Dalam menjelaskan penyimpangan menurut
(Lemert dalam Mustofa 2007:87), satu peristiwa pelanggaran dan reaksi yang
diberikan kepada remaja tidaklah cukup untuk mengatakan bahwa orang tersebut
adalah penyimpang. Seseorang untuk menjadi penyimpang harus terdapat serangkaian
tindakan, sejumlah reaksi dan sejumlah kontra-reaksi sebelum mereka dikatakan penyimpang atau
jahat.
Sosialisasi adalah proses belajar yang dilakukan oleh
seseorang (individu) untuk berbuat atau bertingkah laku berdasarkan patokan
yang terdapat dan diakui dalam masyarakat.

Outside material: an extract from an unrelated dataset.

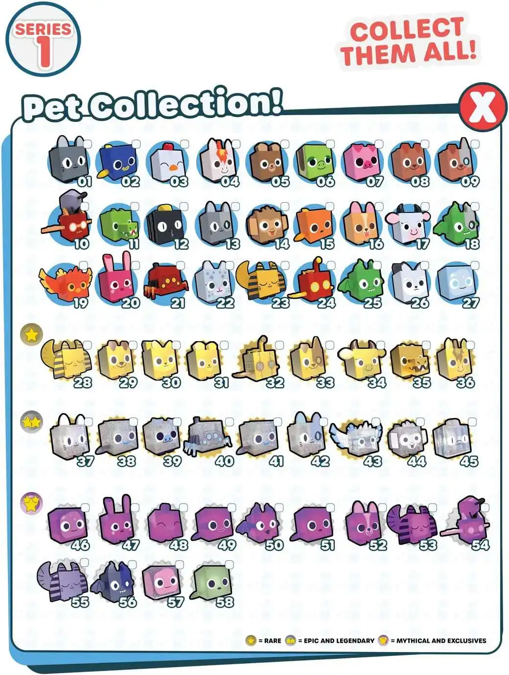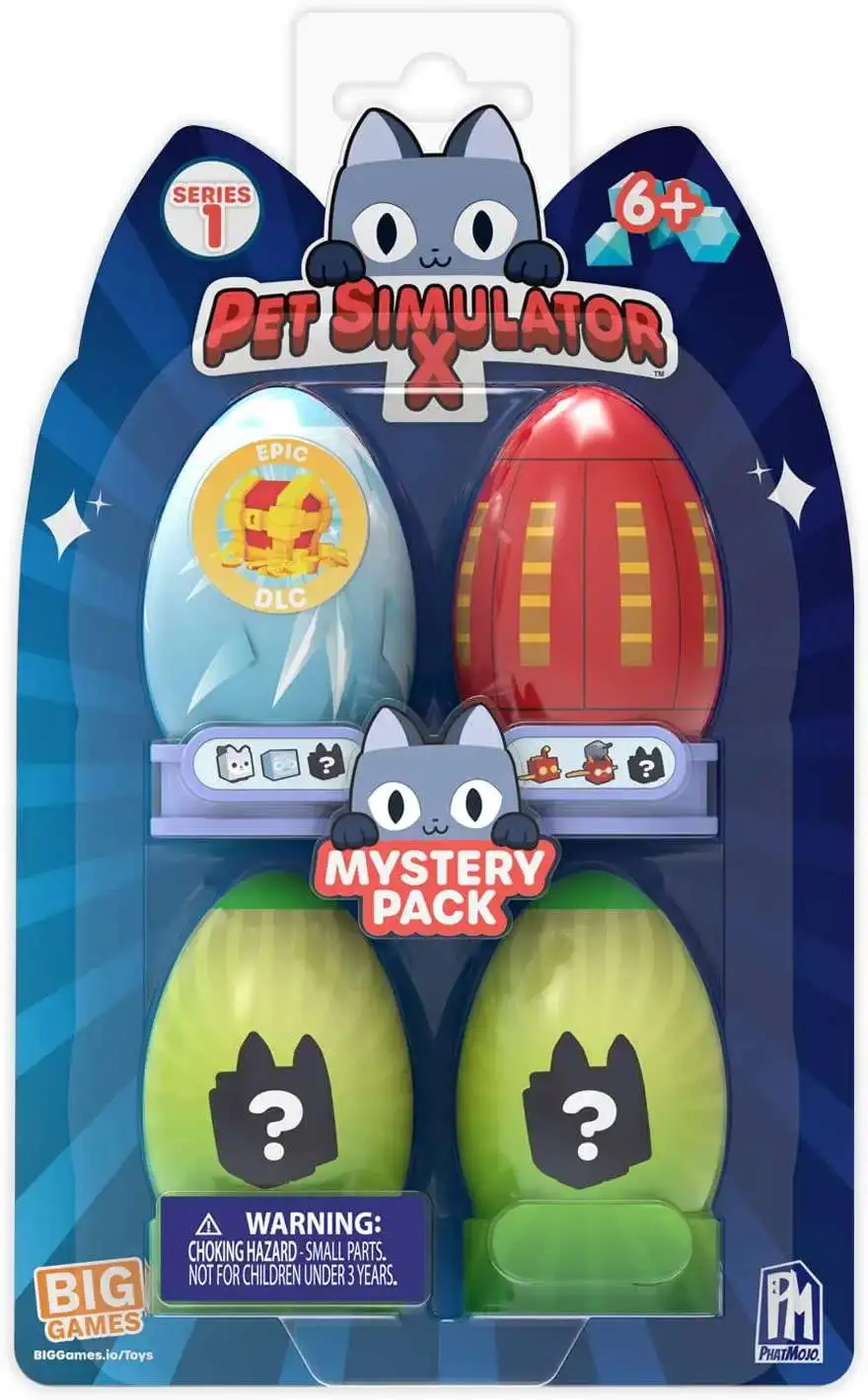 Hatch eggs and discover your new pet, with the Mystery Pet 4-Pack from the hit game, Pet Simulator X! Each egg will reveal 1 of 48, Series 1 pets! All packs include a valuable DLC code! Build your pet collection today. You never know when youll find a rare Rainbow, Golden, or Dark Matter pet!

Jika sosialisasi dipandang dari
sudut pandang masyarakat, maka sosialisasi dimasukkan sebagai usaha memasukkan
nilai-nilai kebudayaan terhadap individu sehingga individu tersebut menjadi
bagian dari masyarakat (Abdulsyani, 1999:2).
Sementara norma sosial adalah serangkaian peraturan umum,
baik tertulis maupun tidak tertulis. Mengenai tingkah laku atau perbuatan
manusia yang menurut penilaian anggota sekelompok masyarakat sebagai sesuatu
yang pantas atau tidak pantas (Abdulsyani, 1999:2).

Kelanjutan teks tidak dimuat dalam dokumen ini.